青空の下、芝生で家族が両手を合わせて天に掲げる——「疲れたご家族に ほっ湯アップルを」。長野県飯田市の日帰り温泉施設「ほっ湯あっぷる」のリール〈ご家族にほっ湯アップル〉は、計測時点で811回再生だった。ほっ湯シリーズ8本の中では下位。決して跳ねた回ではない。それでも、この一本を正直に解剖する価値がある。なぜ家族向けの訴求は、思ったほど伸びなかったのか。株式会社NARERUが運用する実データで読み解く。
ローカルな温泉施設の、家族向けの一本
ほっ湯あっぷるは、長野県飯田市の日帰り温泉施設だ。SNS運用は株式会社NARERUが手がけている。

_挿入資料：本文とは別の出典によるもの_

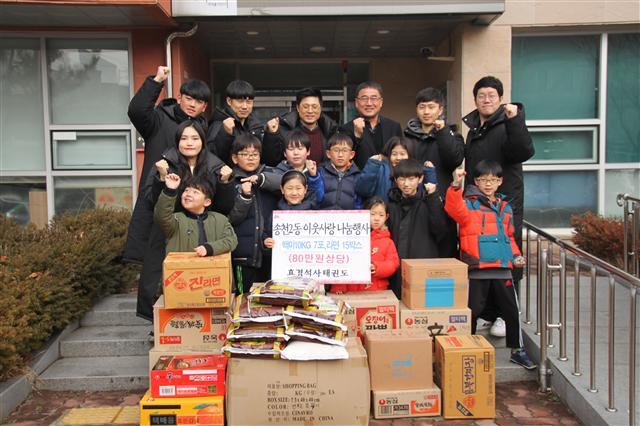 전주시 덕진구 송천2동에 자리한 효경석사태권도 김수환 관장과 관원들은 18일 송천2동(동장 임익철) 주민센터에 백미와 라면 등을 기증했다.
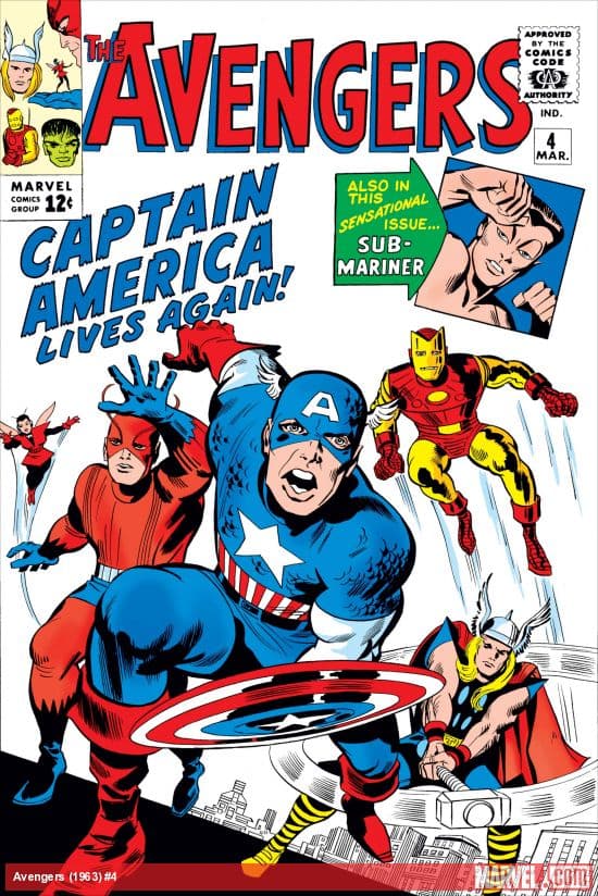En Avengers #4 (Marzo, 1964) de Jack Kirby, el más famoso grupo de superhéroes descongeló al más famoso soldado de la Segunda Guerra Mundial para que se una a sus huestes. La batalla enfrentó a los Avengers contra Hulk y Namor. Genial sin dudas.

地域に根ざした施設で、再生数の桁はサッカーチームのリールのような数万回ではなく、数百〜数千回の世界。小さな数字の中で、何が刺さって何が刺さらないかを丁寧に読むのが、ローカル運用の本質だ。
この〈ご家族にほっ湯アップル〉は、ほっ湯のリール8本の中の一本。「疲れたご家族に」と呼びかけ、家族みんなで温泉に来てほしいという施設の願いをそのまま乗せた回だ。狙いは良い。だが結果は811回再生で、8本の中では下位に沈んだ。理由を、隠さず見ていく。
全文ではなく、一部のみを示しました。